§ **WORK ORDER**
Copy the lines below exactly. No picture goes into the copy.

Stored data
^^^^^^^^
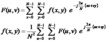 Jelikož v tomto předmětu se zabýváme 2D obrazovými informacemi, uveďme přímo 2D tvar, kdy vstupní obraz je dvourozměrná matice, a nad ní má DFT následující tvar:
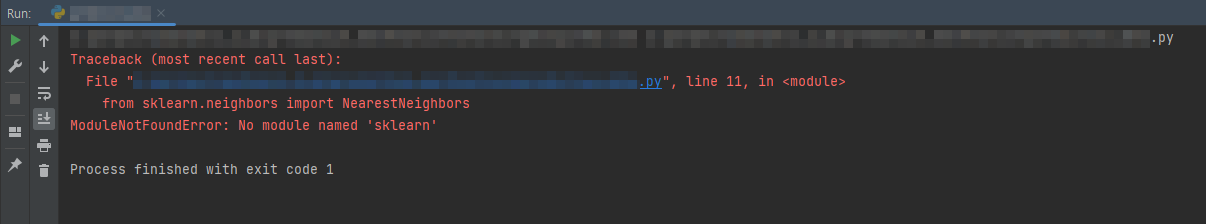 파이썬 프로그램 실행시 "No module named 'sklearn'" 메시지가 나타난다.
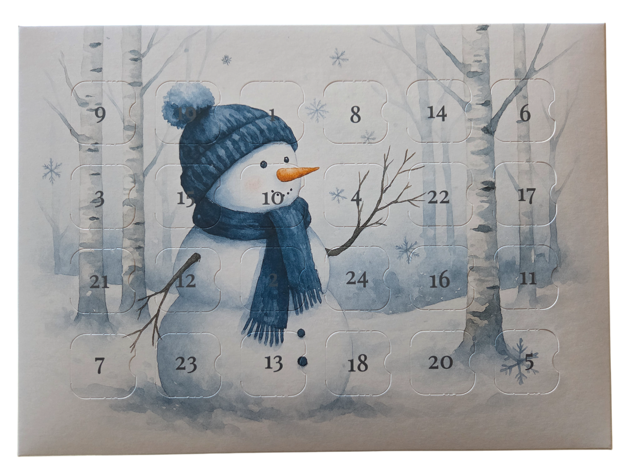”En snögubbe i vinterlandskapet symboliserar barnslig glädje och lek i snön. Jag ville skapa en kalender som väcker minnen om snötäckta decemberdagar och enkla glädjeämnen.”
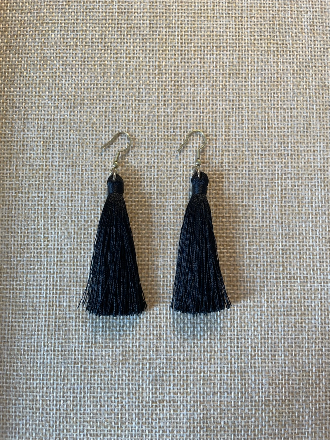 A charming pair of black tassel earrings. Perfect for any occasion, from a casual day out to a formal event. Lightweight.
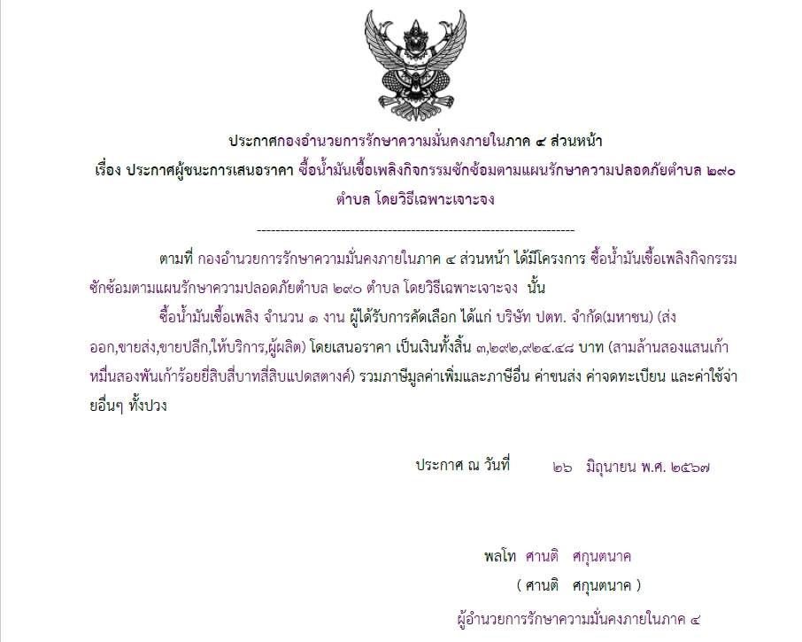จัดซื้อ จัดจ้างประกาศผู้ชนะการเสนอราคา ประกาศผู้ชนะการเสนอราคา ซื้อน้ำมันเชื้อเพลิงกิจกรรมซักซ้อมตามแผนรักษาความปลอดภัยตำบล ๒๙๐ ตำบล โดยวิธีเฉพาะเจาะจง June 28, 2024 330 Share Facebook Twitter Google+ Telegram LINE
^^^^^^^^
§ **ANSWER SPACE**
 Jelikož v tomto předmětu se zabýváme 2D obrazovými informacemi, uveďme přímo 2D tvar, kdy vstupní obraz je dvourozměrná matice, a nad ní má DFT následující tvar:
 파이썬 프로그램 실행시 "No module named 'sklearn'" 메시지가 나타난다.
”En snögubbe i vinterlandskapet symboliserar barnslig glädje och lek i snön. Jag ville skapa en kalender som väcker minnen om snötäckta decemberdagar och enkla glädjeämnen.”
 A charming pair of black tassel earrings. Perfect for any occasion, from a casual day out to a formal event. Lightweight.
จัดซื้อ จัดจ้างประกาศผู้ชนะการเสนอราคา ประกาศผู้ชนะการเสนอราคา ซื้อน้ำมันเชื้อเพลิงกิจกรรมซักซ้อมตามแผนรักษาความปลอดภัยตำบล ๒๙๐ ตำบล โดยวิธีเฉพาะเจาะจง June 28, 2024 330 Share Facebook Twitter Google+ Telegram LINE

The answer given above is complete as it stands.